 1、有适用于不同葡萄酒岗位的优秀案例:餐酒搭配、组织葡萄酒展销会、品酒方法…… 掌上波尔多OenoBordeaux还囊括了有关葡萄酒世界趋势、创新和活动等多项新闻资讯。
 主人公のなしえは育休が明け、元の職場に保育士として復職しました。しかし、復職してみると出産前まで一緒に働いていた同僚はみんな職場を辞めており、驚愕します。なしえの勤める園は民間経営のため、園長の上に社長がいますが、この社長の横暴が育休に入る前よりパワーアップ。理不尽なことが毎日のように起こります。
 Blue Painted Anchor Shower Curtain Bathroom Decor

---

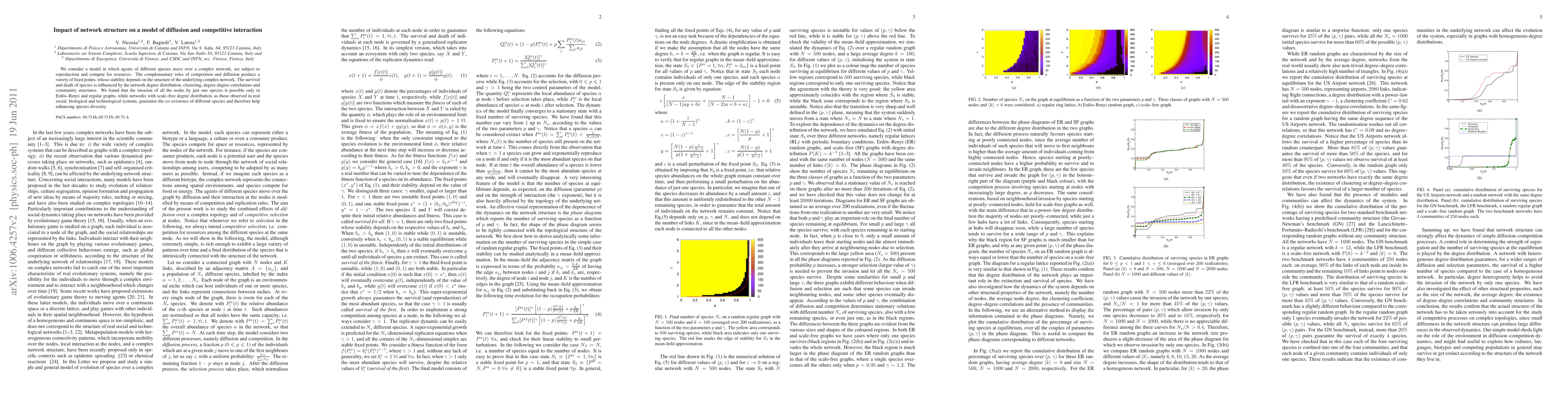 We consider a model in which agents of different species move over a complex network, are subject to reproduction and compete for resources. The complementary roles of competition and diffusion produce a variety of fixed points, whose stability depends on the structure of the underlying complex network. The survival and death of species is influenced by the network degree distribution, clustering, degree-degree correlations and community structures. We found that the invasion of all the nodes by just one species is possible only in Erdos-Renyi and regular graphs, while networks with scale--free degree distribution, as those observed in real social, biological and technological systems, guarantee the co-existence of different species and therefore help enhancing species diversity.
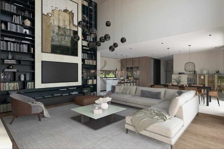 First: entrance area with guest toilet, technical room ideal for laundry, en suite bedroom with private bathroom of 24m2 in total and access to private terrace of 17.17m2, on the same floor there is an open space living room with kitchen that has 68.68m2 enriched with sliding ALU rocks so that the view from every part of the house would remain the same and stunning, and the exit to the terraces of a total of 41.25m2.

● **PROBLEM REQUIREMENTS**: Out of the data above, give again only the lines starting at the one holding "1、有适用于不同葡萄酒岗位的" and ending at the one holding "Blue Painted Anchor", unchanged.

● **RESULT FOR THIS TASK**:
 1、有适用于不同葡萄酒岗位的优秀案例:餐酒搭配、组织葡萄酒展销会、品酒方法…… 掌上波尔多OenoBordeaux还囊括了有关葡萄酒世界趋势、创新和活动等多项新闻资讯。
 主人公のなしえは育休が明け、元の職場に保育士として復職しました。しかし、復職してみると出産前まで一緒に働いていた同僚はみんな職場を辞めており、驚愕します。なしえの勤める園は民間経営のため、園長の上に社長がいますが、この社長の横暴が育休に入る前よりパワーアップ。理不尽なことが毎日のように起こります。
 Blue Painted Anchor Shower Curtain Bathroom Decor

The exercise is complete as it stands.